The ticketing giant earned €481 million in ticket revenue last year and despite the virus’ widespread impact on the live events and entertainment industry, it could retain roughly 12 to 14 percent of the full price customers paid per event, MarketWatch reports.
“If the respective organizer has canceled the event and has commissioned us to reverse the ticket costs, we will immediately refund the ticket costs to the customer. The fees are for services already provided, such as shipping, packing, administration,” a company spokesperson revealed to MarketWatch.
Despite this policy being written into the fine print of its sales terms and conditions, consumers have lashed out for not receiving refunds for their full order price. Some aired their frustrations on social media to call the company’s refund practice “disgusting” and threatened to use other ticketing sources in the future.

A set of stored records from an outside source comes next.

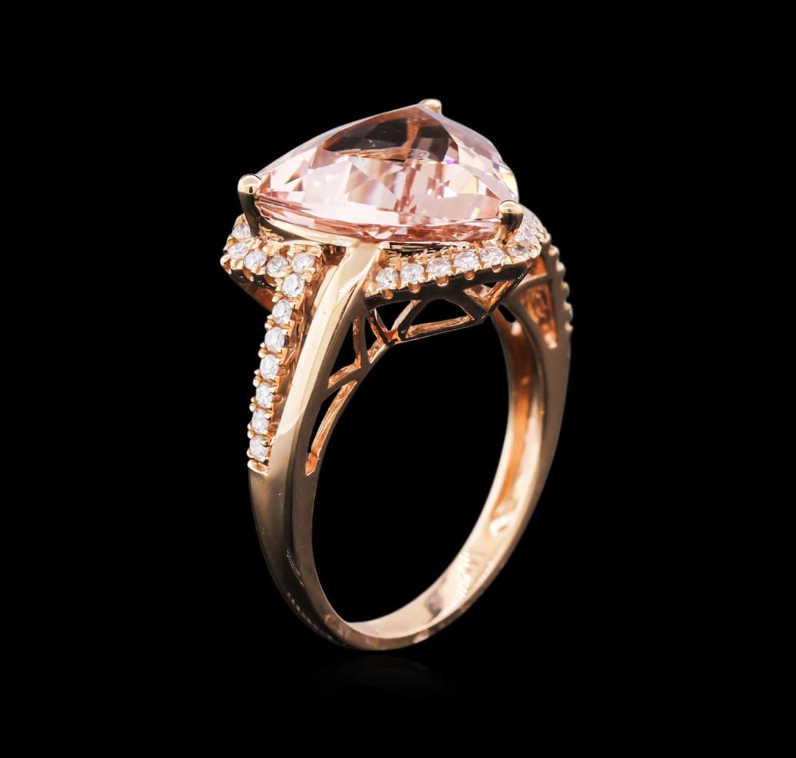 One ring featuring: 14KT rose gold weighing 3.58 grams containing one morganite center stone with a total weight of 7.68ct and 43 round diamonds with a total weight of 0.26ct.
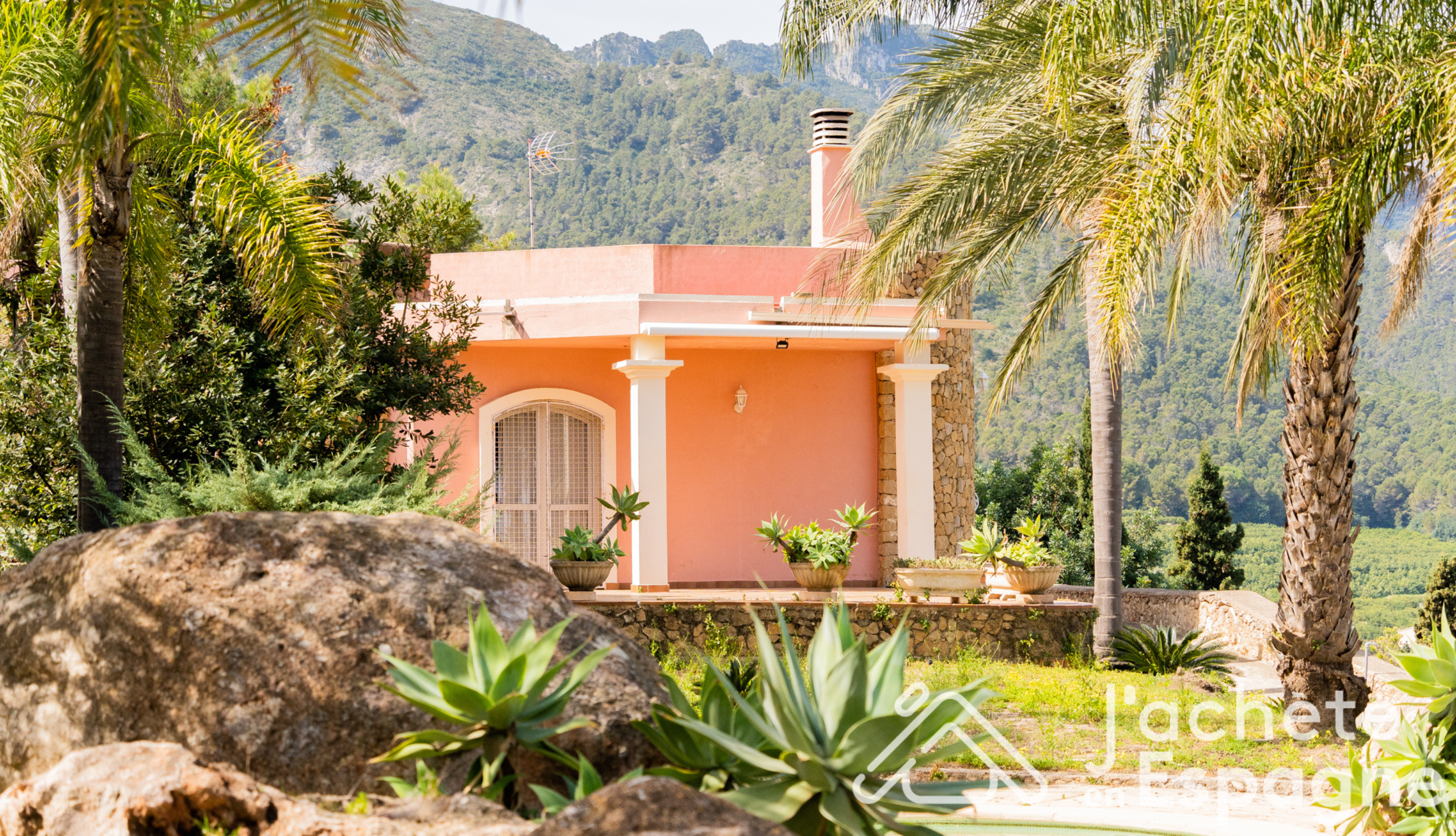 Elle est située en pleine nature, en hauteur, face à des champs d’orangers et à la montagne. Aucun voisin à l’horizon puisqu’elle dispose de plus de 10 hectares de terrain.
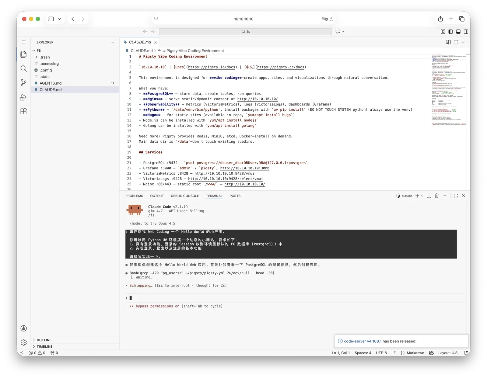 PIGLET 是基于 Pigsty 的轻量运行时环境,专为 AI Web Coding 打造的云端编码沙箱。 它将 PostgreSQL 数据库、JuiceFS 分布式存储、VS Code、JupyterLab 等工具整合为一体, 让你从 “出嘴编码” 到 “部署上线” 实现零阻力。
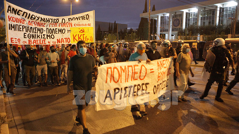 Συγκεκριμένα, με συνθήματα όπως «ανεπιθύμητος ο Πομπέο» και «οι λαοί δεν έχουν ανάγκη από “προστάτες”», μέλη αριστερών οργανώσεων συγκεντρώθηκαν αρχικά στο πάρκο Ελευθερίας το απόγευμα της Δευτέρας για να διαμαρτυρηθούν και στη συνέχεια κατευθύνθηκαν προς την αμερικανική πρεσβεία.

@eventim_uk can you please tell me how I can pay £33.33 per ticket and a £2.50 handling fee and only receive a £59 refund? Surely I should get the full ticket price refunded for @KeshaRose cancelled event? Absolutely disgusting that you’re profiting during these times… pic.twitter.com/R8uFPJ8hUE
— Shan (@nahsdx) April 28, 2020
@eventim_uk how companies behave during these times will reflect on future customer. Your lack of upfront offer of refunds and then when pushed face value only, so effectively lost £50 is disgusting. I’ll never use you again, I hope others will follow.
— Stacey Reynolds (@stacey_reynolds) May 7, 2020
https://twitter.com/x_LizM_x/status/1257968816560246784
The practice was also slammed by an industry investigator, who called it a penalty against fans that are unable to attend events and warned that companies are susceptible to further backlash when fans are able to regularly buy tickets again.
“I would encourage anyone who has been a victim of this to contact Trading Standards, and potentially the Competition and Markets Authority,” ticket security expert Reg Walker told MarketWatch. “The government’s doing its bit to support people through furlough, even landlords are giving rent-free periods to businesses that are struggling and it’s absolutely right that the private sector steps up to the plate and does the same thing,” he said.
Eventim is offering the full price of an order in the form of a voucher, which was approved by the German government last week. Consumers would have until the end of 2021 to use the voucher on a future event and if they have not used it by that point, they are entitled to the cash refund.